APP下载

Quand les officiels chinois passent à la casserole

2016-03-25BASTIENROUSSILLATmembredeladaction

今日中国(法文版) 2016年3期

SÉBASTIEN ROUSSILLAT, membre de la rédaction



Quand les officiels chinois passent à la casserole

SÉBASTIEN ROUSSILLAT, membre de la rédaction

D’ordinaire adeptes des longs discours-tiroirs, les officiels chinois se retrouvent aujourd’hui en direct à la télévision sous le regard du public pour des face à face sans fard et sans filet avec ce « peuple » qu’ils sont censés servir.

La Chine, et son histoire plurimillénaire, a inventé la bureaucratie. Cette magnifique invention léguée à la postérité est tellement enracinée dans la culture chinoise qu’elle en est devenue un symbole : le mandarin.

Parmi ceux-ci, certains fonctionnaires sont corrompus et un fossé est apparu entre la population qu’est censé servir le gouvernement et ces fonctionnaires malhonnêtes.

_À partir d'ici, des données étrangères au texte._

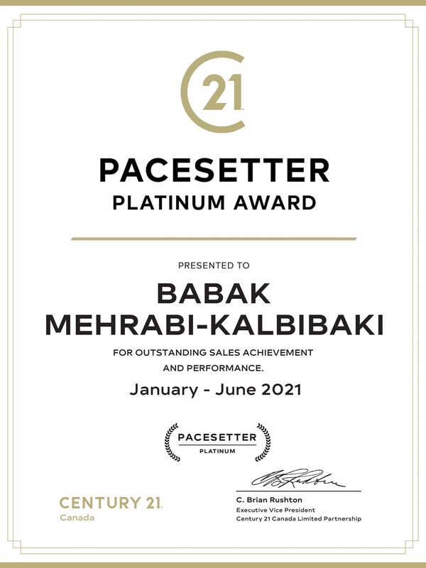 Certificate of appreciation in 2021 from the Century 21 Heritage Group Ltd.brokerage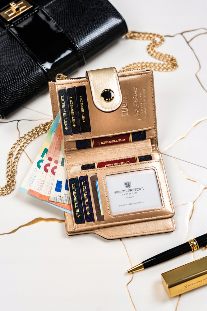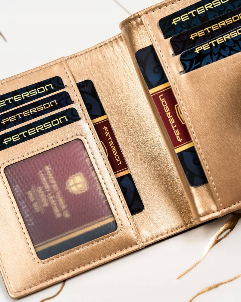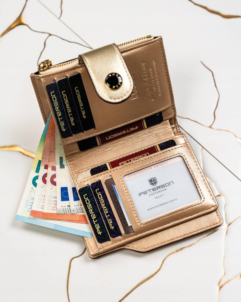Dwusekcyjny, elegancki portfel damski ze skóry ekologicznej – Peterson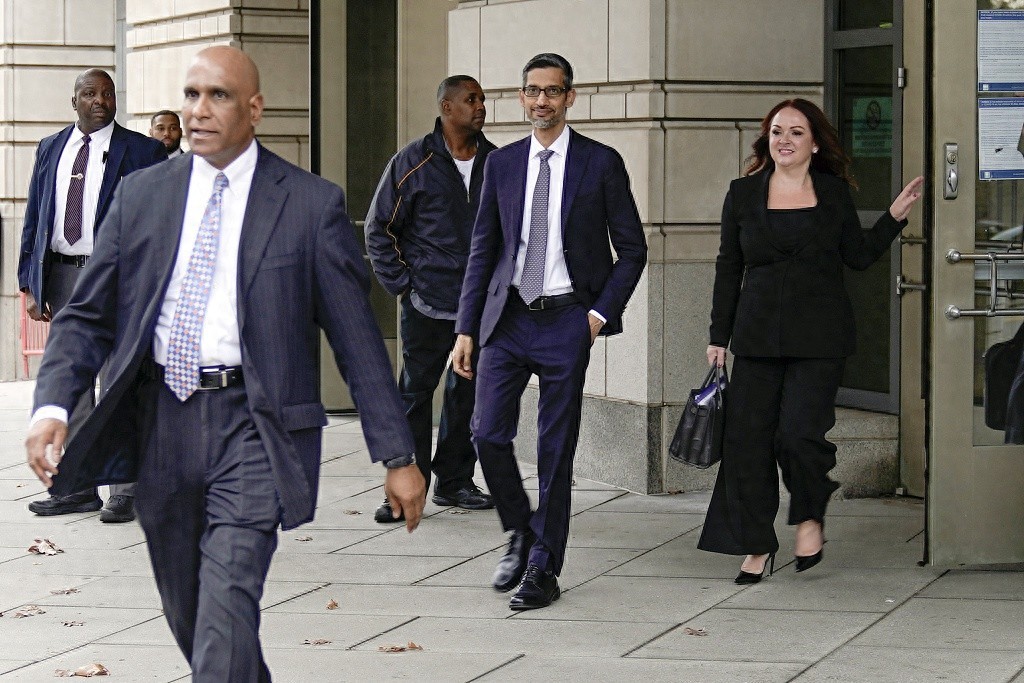 2023年10月,谷歌CEO(中)前往美司法部接受反垄断调查。(视觉中国)

Le président chinois en critique même très sévèrement cela dans son livre La Gouvernance de la Chine.

Pourtant, la Commission centrale de contrôle de la discipline veille au grain car les problèmes engendrés par ces fonctionnaires peu ardus au travail ou qui ne répondent pas aux demandes des gens posent plusieurs problèmes : la baisse de confiance de la population dans le système, la non-transparence des affaires gouvernementales mais surtout, l’efficacité et la responsabilité des fonctionnaires qui est finalement ce dont les gens se préoccupent le plus.

Pour remédier au problème, le gouvernement chinois a renforcé la force de frappe de la lutte anti-corruption et surveille l’intégrité et l’efficacité des fonctionnaires. La surveillance de ceux qui travaillent pour le gouvernement s’est accrue.

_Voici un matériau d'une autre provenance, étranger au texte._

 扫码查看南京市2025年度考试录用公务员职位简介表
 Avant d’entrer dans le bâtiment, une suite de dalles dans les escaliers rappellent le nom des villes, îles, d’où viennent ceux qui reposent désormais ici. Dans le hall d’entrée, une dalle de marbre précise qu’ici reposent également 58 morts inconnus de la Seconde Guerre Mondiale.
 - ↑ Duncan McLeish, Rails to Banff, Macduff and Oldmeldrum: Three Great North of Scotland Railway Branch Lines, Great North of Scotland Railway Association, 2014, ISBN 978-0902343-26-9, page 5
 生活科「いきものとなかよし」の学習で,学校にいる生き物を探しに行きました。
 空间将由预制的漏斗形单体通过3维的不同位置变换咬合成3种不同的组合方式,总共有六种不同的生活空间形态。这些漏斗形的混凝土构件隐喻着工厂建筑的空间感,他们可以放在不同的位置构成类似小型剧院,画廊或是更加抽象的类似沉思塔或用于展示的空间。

Mais une autre solution intéressante sont ces émissions de « face à face politique entre les fonctionnaires et le public ». Plusieurs programmes de ce type existent en Chine, et ce, depuis 2005. Le plus connu, mais aussi celui qui existe depuis le plus longtemps, est celui de Hubei Wuhan TV qui dure depuis 2010 et en est donc à sa sixième année. Depuis la première émission, les taux d’audience battent des records, avec par exemple 1,65 point d’audience pour l’émission de « grand examen annuel ». Les télévisions de Jinan, du Guangxi, de Beijing, de Wenzhou ou encore de Nanning ont également lancées des émissions de ce type.

Véritables forums à la chinoise, ces émissions, qui mettent face à face les fonctionnaires et les habitants d’une ville, permettent une certaine forme de démocratie directe et possèdent une fonction de surveillance du travail des fonctionnaires directement par la population.

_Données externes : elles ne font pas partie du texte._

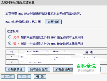 然后选上“禁止 列表中生效规则之外的 MAC 地址访问本无线网络”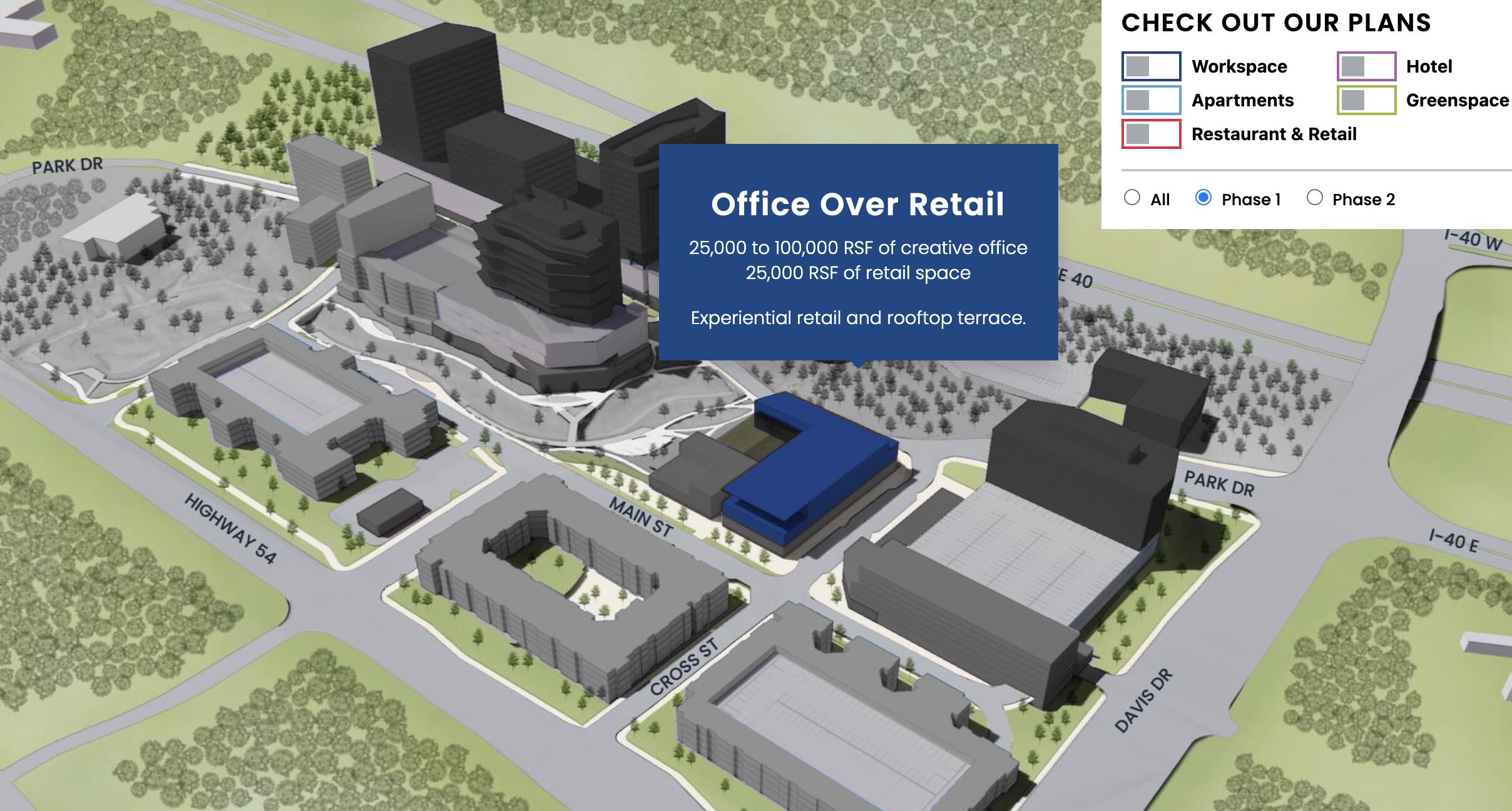 Portion of planned HUB RTP development expanding from 50,000 sq ft to 125,000 sq ft. Will be called the Horseshoe from Charlotte developer White Point Partners.

La télévision comme moyen de surveillance

L’émission de Wuhan TV est diffusée en direct. Aux débuts de l’émission, elle consistait surtout en caméras cachées faites par les journalistes de l’émission et de questions-réponses entre le public, le présentateur, les spécialistes et les fonctionnaires concernées. Le public donnait ensuite une note au travail des fonctionnaires.

En 2013, lors de « l’examen de miannée », émission spéciale « réaliser les promesses-améliorer le travail-améliorer l’environnement » axée sur des thèmes tels que « efficacité, justice, service, gestion, environnement, 10 problèmes saillants etc… », 36 responsables de départements administratifs se sont retrouvés dans l’arène et ont dû répondre aux questions du public. Parmi eux, beaucoup étaient incapables d’y répondre.

La Chine étant le grand pays que l’on connaît, il est déjà difficile de l’administrer, contrôler ceux qui l’administrent est une autre paire de manches. Il ne suffit souvent pas que « la tête » dise pour que « les pieds » exécutent. Alors ces émissions, diffusées hebdomadairement ou une fois tous les mois pour la plupart, permettent aussi aux responsables de ces fonctionnaires récalcitrants d’avoir des retours sur le travail de leurs subalternes, de voir s’ils sont réellement efficaces ou non et si le peuple est réellement satisfait de leur travail.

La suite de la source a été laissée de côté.